In include/linux/spinlock_api_up.h it says,

/*
   * In the UP-nondebug case there's no real locking going on, so the
   * only thing we have to do is to keep the preempt counts and irq
   * flags straight, to suppress compiler warnings of unused lock
   * variables, and to add the proper checker annotations:
   */
That's only true in the debug case - there, preempt_disable() is used
inside the spin loop. But m68k is one of the last CONFIG_PREEMPT_NONE
archs AFAIR, and preempt_disable() reduces to barrier() on those.
M68k does have experimental preempt support.
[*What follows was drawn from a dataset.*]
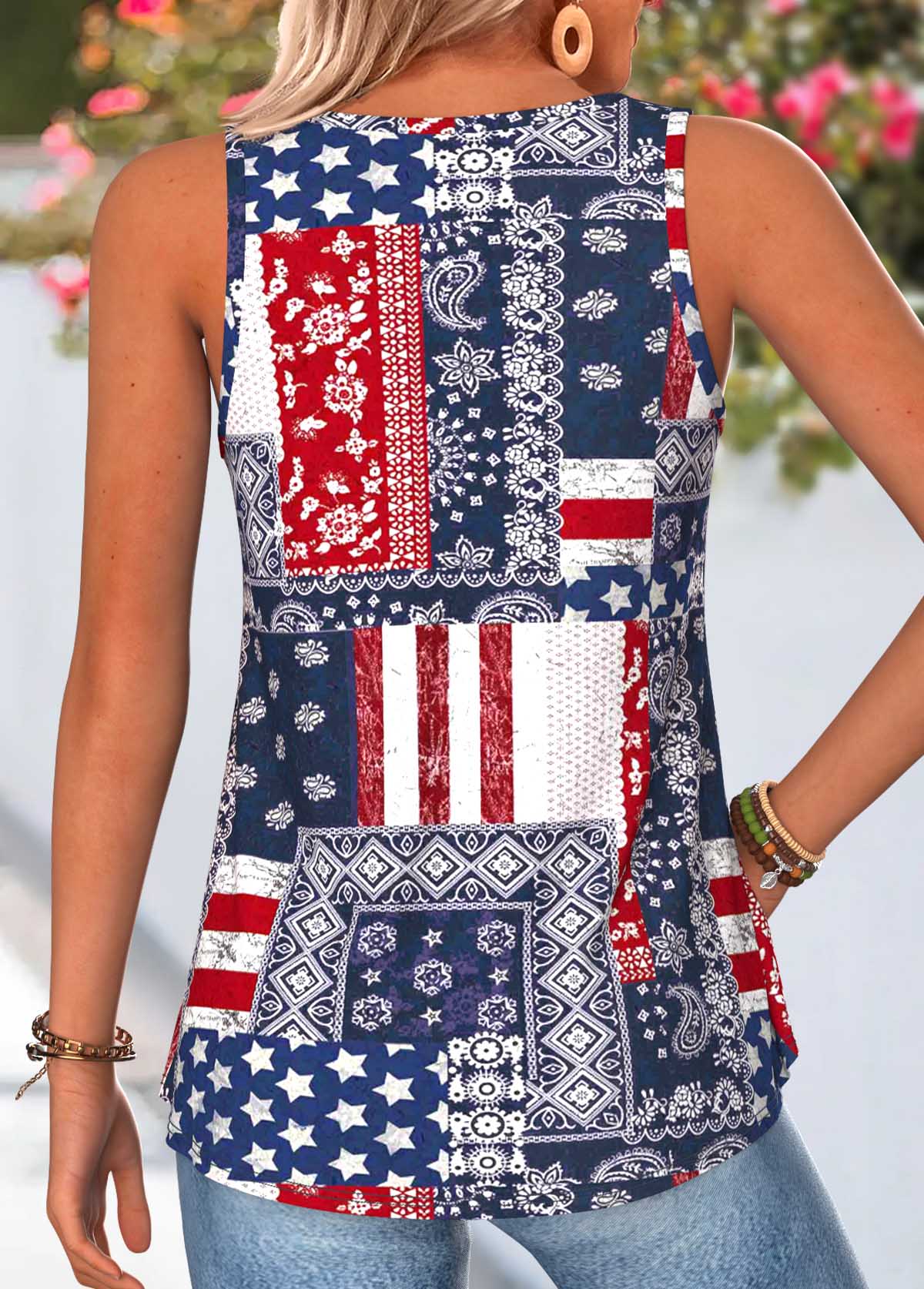 NEW IN American Flag Tribal Print Curved Hem Navy Tank Top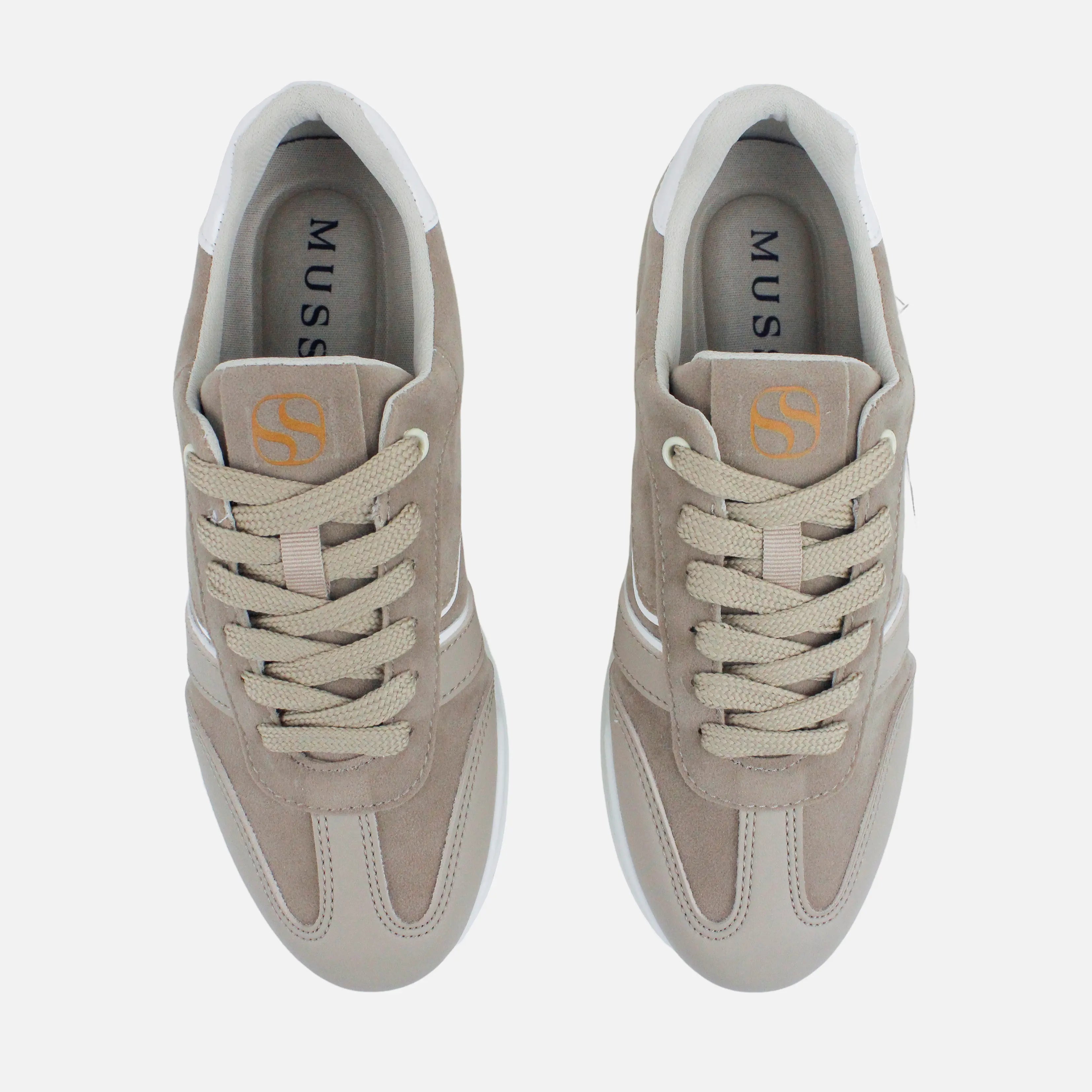 Tenis con capellada en sintético, con suela en sintético de 3 cm de altura y forro interno en textil. Tenis urbano en color azul marino con contraste de suela beige que le da un aire moderno y versátil. Su diseño combina textura lisa y detalles en acabado brillante que aportan estilo sin perder la comodidad. Perfectos para uso diario, desde un look casual con jeans hasta un outfit relajado de fin de semana.

I have been running
that for the last 5 months. Works fine most of the time, except for
the one BUG[1] that happens every 10 boots or so.

[1]
https://lore.kernel.org/all/CAMuHMdUQ72KOPw5vxNfhjoTR-SsaELeKneBmyQPYEWa_o5OZZA@xxxxxxxxxxxxxx


NB: the Kconfig hunk no longer applies, it now should look like this:

diff --git a/arch/m68k/Kconfig b/arch/m68k/Kconfig
index 4b3e93cac723..0c4b5180df1d 100644
--- a/arch/m68k/Kconfig
+++ b/arch/m68k/Kconfig
@@ -10,7 +10,6 @@ config M68K
        select ARCH_HAS_SYNC_DMA_FOR_DEVICE if M68K_NONCOHERENT_DMA
        select ARCH_HAVE_NMI_SAFE_CMPXCHG if RMW_INSNS
        select ARCH_MIGHT_HAVE_PC_PARPORT if ISA
-       select ARCH_NO_PREEMPT if !COLDFIRE
        select ARCH_USE_MEMTEST if MMU_MOTOROLA
        select ARCH_WANT_IPC_PARSE_VERSION
        select BINFMT_FLAT_ARGVP_ENVP_ON_STACK

(HAS_DMA -> M68K_NONCOHERENT_DMA)

Runs fine on ARAnyM with a bit of VM stress testing using
PREEMPT_VOLUNTARY. After a bit of looping (init=/sbin/reboot), fails
spectacularly with not finding any root filesystem to mount when using
full preempt.

Trying to boot a full system, I see the 'table already freed' panic on
the first go.

Running a stack-ng stack-fill stressor triggered the panic, too. I'll
see how reliable that is.

That's actually pretty reliable - running stress-ng --stack 2 --stack-fill two or three times gets me a panic (on a fast Intel system).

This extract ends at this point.